-- Assignment --
Set down the lines below, exactly, starting at the one that contains "父の質問は意外でした。「あん" and stopping at the last line, inclusive. Omit pictures.

-- Data below --
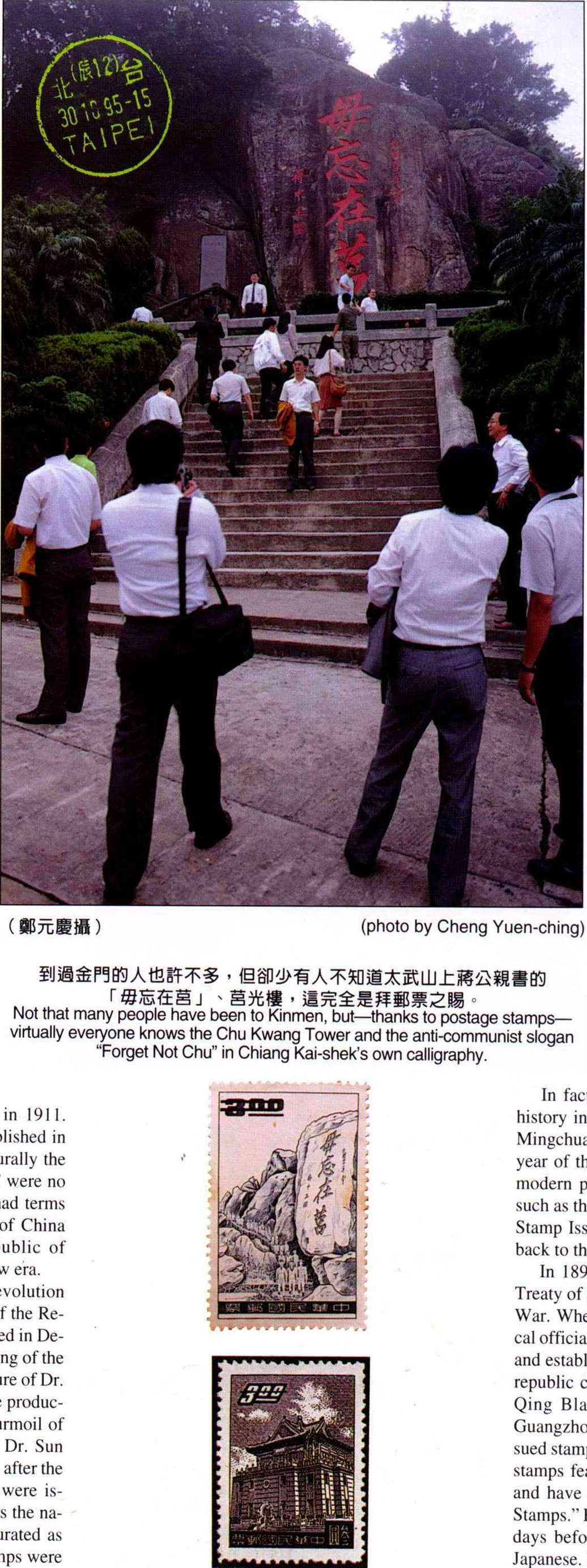 (photo by Cheng Yuen-ching)Not that many people have been to Kinmen, but--thanks to postage stamp s--virtually everyone knows the Chu Kwang Tower and the anti-communist slog an "Forget Not Chu" in Chiang Kai-shek's own calligraphy.
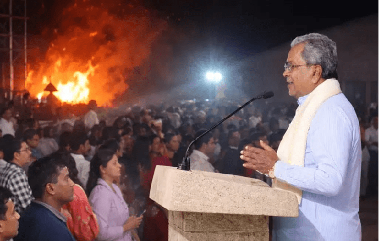 ಸಿಎಂ ಸಿದ್ದರಾಮಯ್ಯ ಅವರಿದ್ದ ಮುಖ್ಯ ವೇದಿಕೆಯ ಎದುರೇ ಬೆಂಕಿ ಹೊತ್ತಿಕೊಂಡಿದೆ. ಸಿಎಂ ಸಿದ್ದರಾಮಯ್ಯ ಪೂಜೆ ಸಲ್ಲಿಸುವ ವೇಳೆಯೇ ಕ್ ಅಗ್ನಿ ಅವಘಡ ಸಂಭವಿಸಿದೆ ಎನ್ನಲಾಗಿದೆ. ಸ್ಥಳದಲ್ಲೇ ಇದ್ದ ಅಗ್ನಿಶಾಮಕ ದಳ ಸಿಬ್ಬಂದಿ ಬೆಂಕಿ ನಂದಿಸಿದ್ದು, ಉತ್ಸವದಲ್ಲಿ ಭಾಗಿಯಾಗಲು ಸಿಎಂ ಸಿದ್ದರಾಮಯ್ಯ ಬಂದ ಸಮಯದಲ್ಲಿ ಪಟಾಕಿ ಸಿಡಿಸಲಾಗಿದೆ.
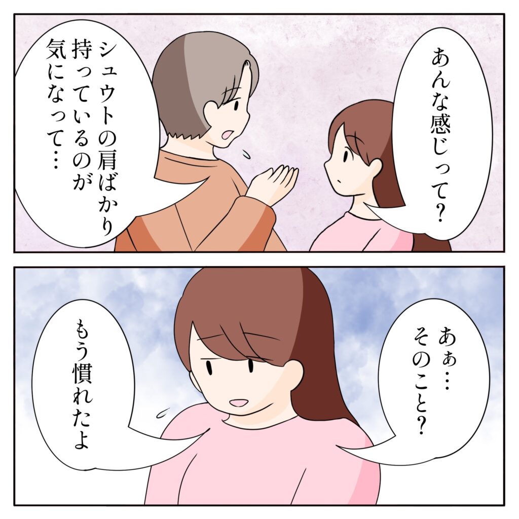 父の質問は意外でした。「あんな感じって?」と聞くと、「シュウトの肩ばかり持っているのが気になって・・・」父にも分かっていたんだ。「あぁそのこと?もう慣れたよ」と言って私は少し目をそらしました。
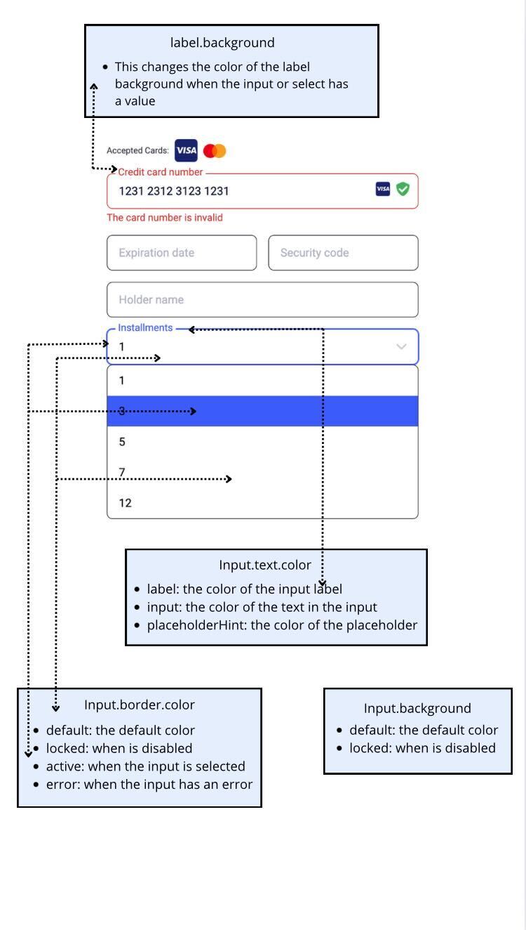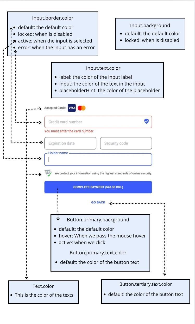 In the images below you will find the visual references of the colorSchema parameters and color customization possibilities.

-- Result --
 父の質問は意外でした。「あんな感じって?」と聞くと、「シュウトの肩ばかり持っているのが気になって・・・」父にも分かっていたんだ。「あぁそのこと?もう慣れたよ」と言って私は少し目をそらしました。
 In the images below you will find the visual references of the colorSchema parameters and color customization possibilities.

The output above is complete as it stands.